[Work order] Your answer should hold exactly the lines below from the line with "В этом матче" through the line with "公安民警、体彩工作人员、志愿律师组成专业团队提供公益咨询(广西体彩中心供图)", both included, and no pictures at all.

[Data under study]
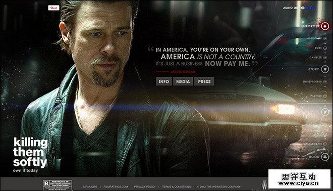 Killing Them Softly《温柔杀戮(2012)》的官网让人直观的看到主要人物和他们的经典台词,细致的边侧导航栏也很有意思。
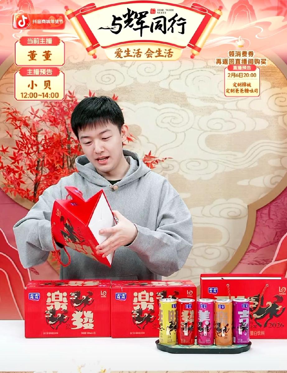 董董太逗了!哈哈,这话你敢当你哥的面说吗?估计你不敢。 董董刚刚讲杏仁露时,杏仁露厂家也是很给力,临近年关换了包装,换成马年经典包装,所有罐上都有吉祥祝福语,有马上旺,马上发,马上美,马上吉,马上乐等。 不得不说,厂家真的很用心。过年的时候,如果大家拿到这样的饮料时,看到这样的吉祥祝福语,也会开心很多。 董董说:“你看这有马上旺、马上发、马上美、马上乐、马上吉,这都是很好的祝福语,可不是说有这功效啊。” 关键是他后面说的一句,他说:“这要是有马上上班,我就马上给撇了。”真是太搞笑了! 不过我觉得董董这是口是心非,逗大家乐一乐呢,他是很喜欢上班的。可能是有了董礼貌以后会有更多牵挂,每次下班的时候估计是以最快的速度飞奔回家的。 董董之前还说过过年要把董礼貌带到公司来呢,不敢想象这个团宠的小公主来公司会是什么样场景。希望董董到时多给大家分享一些视频吧。 董宇辉 与辉同行
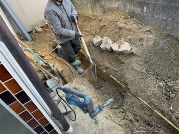 福山市千田町にて、汲み取りトイレから水洗トイレへのリフォーム工事です。 下水道の整備されているエリアのため、配管を埋設して水洗トイレが利用できるように作業中です。
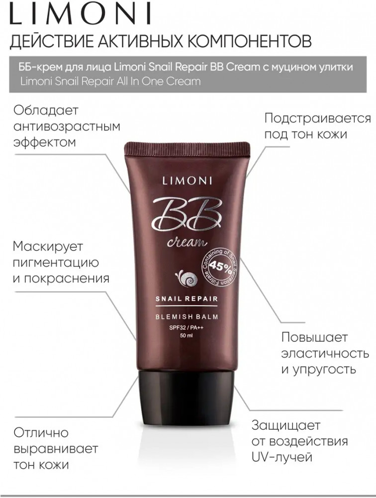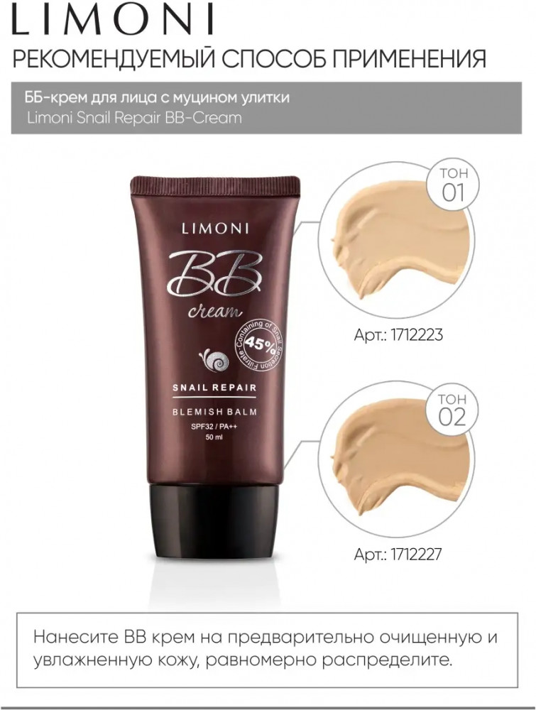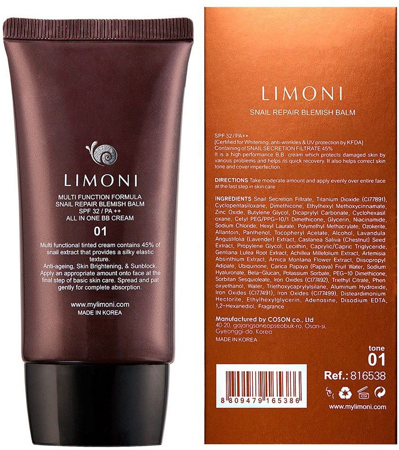 Limoni BB-Крем для лица с экстрактом улитки «Blemish Balm», оттенок №1
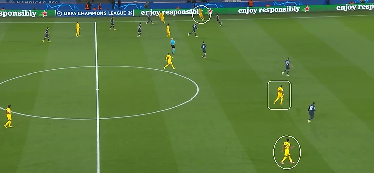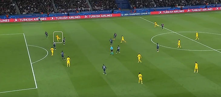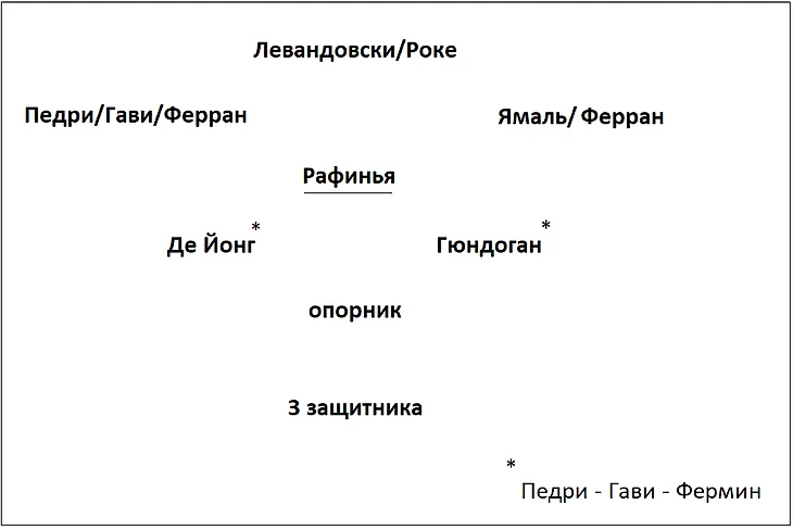 В этом матче Рафинья в основном играет в центре, а не на флангах, активно взаимодействует с Робертом. Левый край отдан на откуп Кансело. Ламин во взаимообмене позициями активно не участвует, остается на правом фланге. Правый фланг в действиях Рафиньи появляется только с выходом Жоао Феликса вместо Ямаля. Гюндоган в ряде эпизодов поднимается в линию к нападающим.
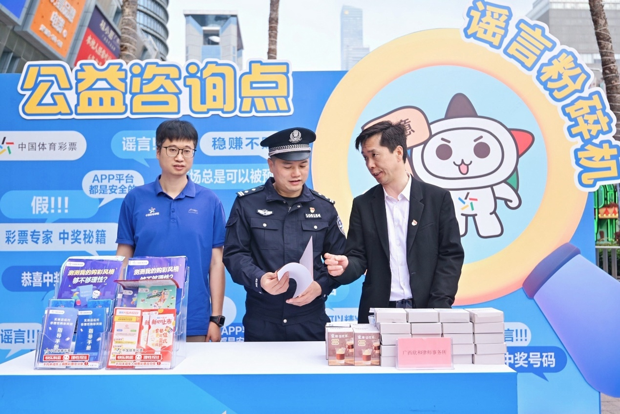 公安民警、体彩工作人员、志愿律师组成专业团队提供公益咨询(广西体彩中心供图)
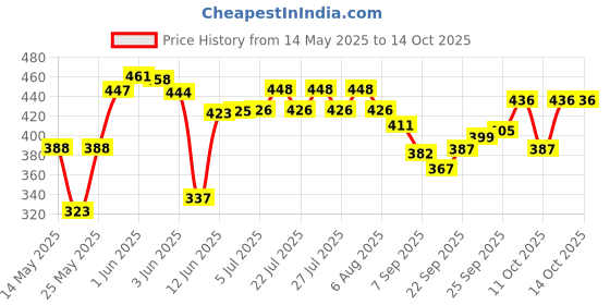 The current price is ₹436, which is ₹113 (35.0%) higher than the best price of ₹323 last seen on 17 May 2025. Over the 152 day price history period, prices have ranged from ₹323 to ₹461, with an average of ₹414. The pricing shows moderate volatility, but the overall trend is concerning as prices are getting more expensive. In terms of recent activity, there has been 1 price change this week, 6 this month, and 25 over the past year. If you need this product now, it's a reasonable time to buy as prices are stable, but you might want to monitor for potential better deals.
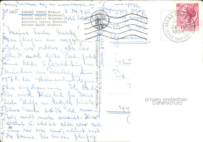 old postcard Abano Terme Antiche sorgenti Montirone postalisch gelaufen Erhaltung siehe scans
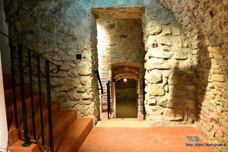 Dwukondygnacyjne podziemia budynku o powierzchni blisko 400 m kw. sięgają do poziomu około 10 metrów poniżej poziomu terenu. Dawni właściciele, w tym także kupcy, przechowywali w piwnicach o zróżnicowanej wielkości i różnych poziomach głębokości swoje dobra i towary. Wśród nich można wymienić: wina, miody pitne i lokalne bogactwo Ziemi Przemyskiej, czyli cenną w całej Europie sól. Przechowywano tam również m.in.: solone mięso, wędliny, słoninę, ziemiopłody i nabiał. Kupcy prowadzili tam także bezpośredni handel z przybyłymi do Przemyśla kontrahentami oraz z mieszkańcami miasta i okolic. Podziemia służyły nie tylko jako magazyny towarów i miejsce handlu, ale także jako szynki i warsztaty rzemieślnicze, a nawet w razie potrzeby wykorzystywano je na czasowe mieszkania dla służby.
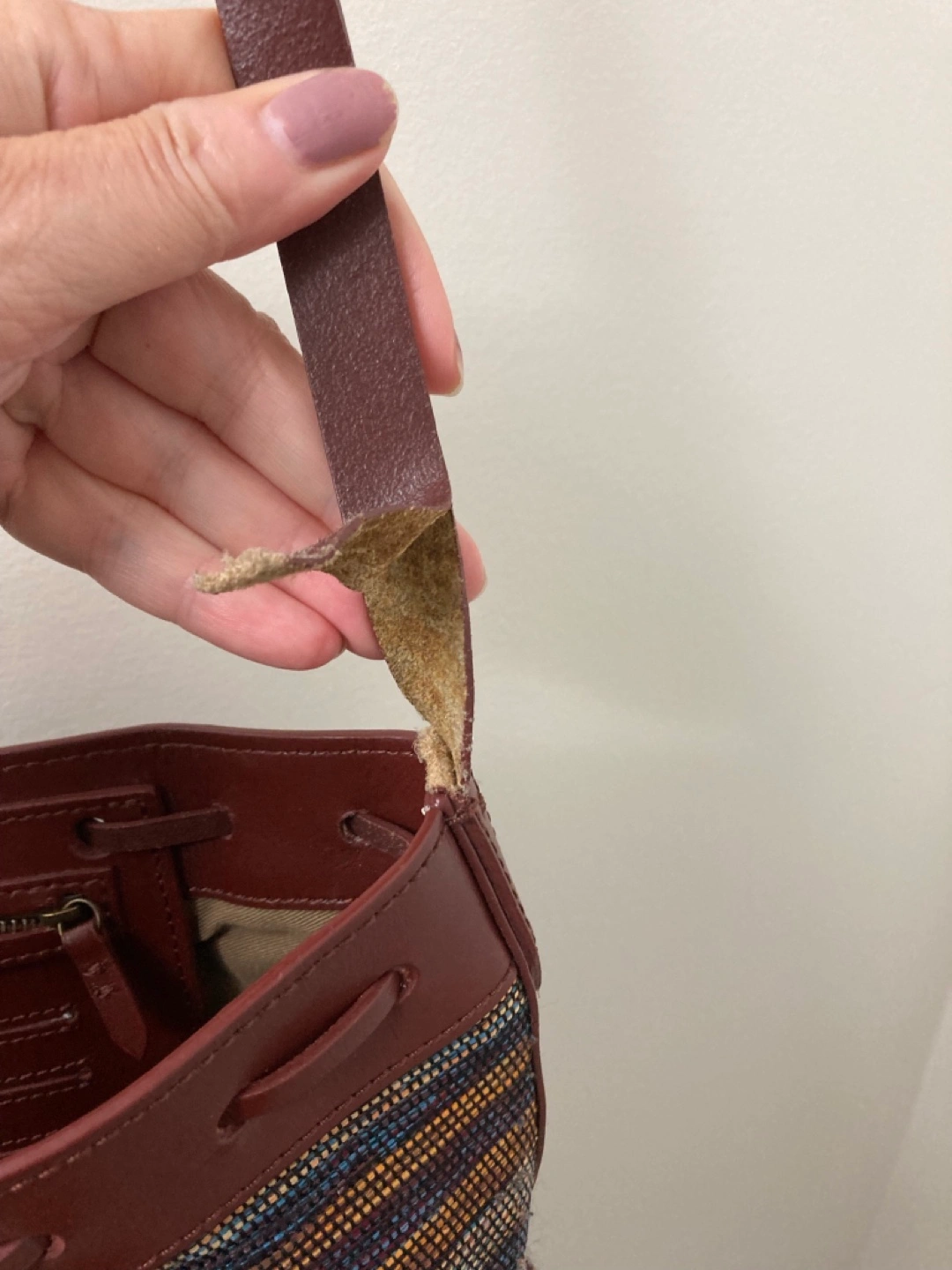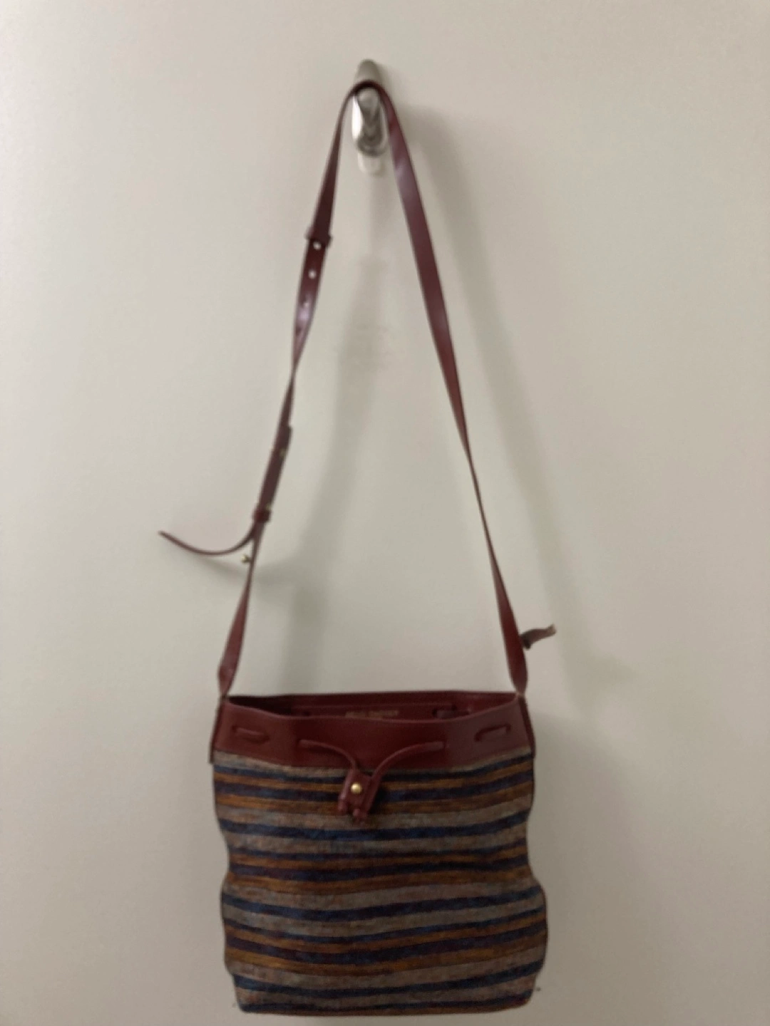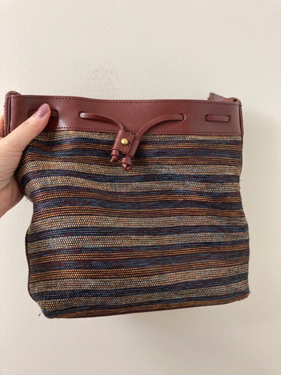 Brown leather bucket bag with a striped fabric body. Features a drawstring closure and an adjustable shoulder strap. Minor wear to the strap.

[Task output]
 В этом матче Рафинья в основном играет в центре, а не на флангах, активно взаимодействует с Робертом. Левый край отдан на откуп Кансело. Ламин во взаимообмене позициями активно не участвует, остается на правом фланге. Правый фланг в действиях Рафиньи появляется только с выходом Жоао Феликса вместо Ямаля. Гюндоган в ряде эпизодов поднимается в линию к нападающим.
 公安民警、体彩工作人员、志愿律师组成专业团队提供公益咨询(广西体彩中心供图)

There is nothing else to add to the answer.